Game of Life 中制造了什么?
Game of Life 中大多数“具有工程意义”的结构在某种程度上是持久的。 最简单的是保持不变的结构,一些小的例子是:
是的,Game of Life 中的结构已被赋予各种(通常是异想天开的)名称,我将在此处使用它们。 (按照这种思路,Game of Life 中保持不变的结构通常被称为“still lifes”。)

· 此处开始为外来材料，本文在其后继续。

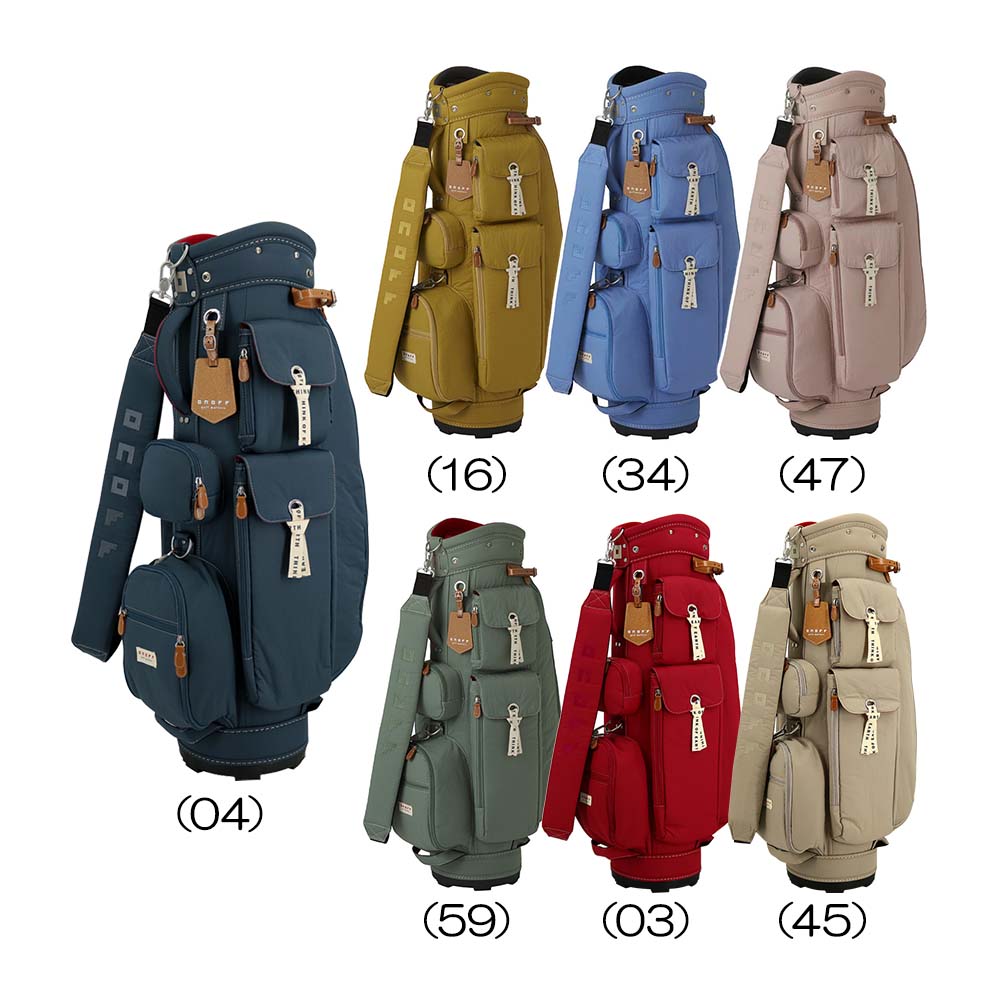 【お買い得品】オノフらしいやわらかな風合いを生かしたキャディバッグ。ロゴリボンがアクセントになっており、トレンドを活かしたアースカラーをテーマに女性らしいデザインに仕上げました。機能面では、ナイロン素材を採用することで、生地強度を強く保ち、また水や汚れに強い撥水加工を施しました。女性でも持ち運びしやすいよう2.5kgと軽さにもこだわったモデルとなっています。●クラブの絡みを抑制するセパレーター内蔵。●貴重品パイルポケット。●デオドラントネーム(消臭・除菌効果)。●ボトムハンドル。●グローブホルダー。●シューズ収納可能背袋。

除了保持不变的结构外,还有产生周期性模式的“oscillators”:
我们将在下面更详细地讨论振荡器,但这里有一些示例(现在我们包括一个显示“轨迹”的可视化):
在我们的结构类别库存中,下一个是“gliders”(或通常是“spaceships”):每次循环时都会移动的结构。 一个典型的例子是 基本 glider,它每 4 步采用相同的形式——在水平移动 1 个单元格和垂直移动 1 个单元格后:
这里有一些这种“spaceship”风格结构的小例子:
Still lifes、oscillators 和 spaceships 是在典型随机初始条件下幸存下来的“ash”中看到的大部分内容。 例如,我们在上一节中看到的演变的最终结果(在 1103 步之后)包括:
到目前为止,我们所看到的结构都是在 Game of Life 发明后不久发现的; 事实上,几乎在计算机上模拟后立即发现。 但它们都具有的一个共同特征是它们不会系统地增长; 它们总是返回到相同数量的黑色单元格。 因此,早期的惊喜之一(在 1970 年)是发现了一种每 30 步永远射出一个 glider 的“glider gun”:
给人一种 Game of Life“技术”进步的感觉的是,发现了一种 “更高效”的 glider gun(周期为 15),但仅在 2024 年,即前一个 glider gun 出现 54 年后:
在 Game of Life 的早期历史中迅速发现的另一种结构是“puffer”——一种“在身后留下碎片”的“spaceship”(在这种情况下,每 128 步):
但有了这些“组件”,你能构建什么? 早期构建的东西是“breeder”,它使用 glider 流来创建 glider gun,而 glider gun 本身随后会生成 glider 流:
原始模式覆盖约 25 万个单元格(其中 4060 个是黑色的)。 运行 1000 步后,我们看到它构建了一个包含数量呈二次方增长的 glider 的三角形:
好的,但是知道原则上可以“填充增长的空间区域”,是否有更有效的方法来做到这一点? 正如 1993 年发现的那样,令人惊讶的简单答案是肯定的:
那么,在 Game of Life 中还能构建哪些其他类型的东西? 很多,甚至从我们到目前为止所看到的简单结构中也可以构建。 例如,这是一个 构建用于计算质数的模式
仅当 n 是质数时,才在步骤 100 + 120 n 时发出一个“lightweight spaceship”。 当它在“时空中”查看时,它的工作原理就更明显了; 实际上,它 正在运行一个筛子,其中所有数字的所有倍数都被实例化为 glider 流,这些 glider 流会击落非质数位置生成的 spaceship:
如果我们查看这里的原始模式,它只是由相当简单的结构集合组成:
实际上,像这样的结构已被用于构建各种东西,包括例如 Turing machine emulators——以及 Game of Life 本身的 emulator,其中此 499×499 模式对应于单个模拟的 Life 单元:
这两个最后的模式都是在 20 世纪 90 年代构建的——由自 20 世纪 70 年代初以来就已知的组件构建。 正如我们所看到的——它们很大(而且很复杂)。 但它们需要这么大吗? 计算等价原理的教训之一是,在计算宇宙中,几乎总有一种方法可以“做同样多的事情,但用更少的资源”。 事实上,在 Game of Life 中,过去几十年中已经沿着这些思路进行了许多许多发现。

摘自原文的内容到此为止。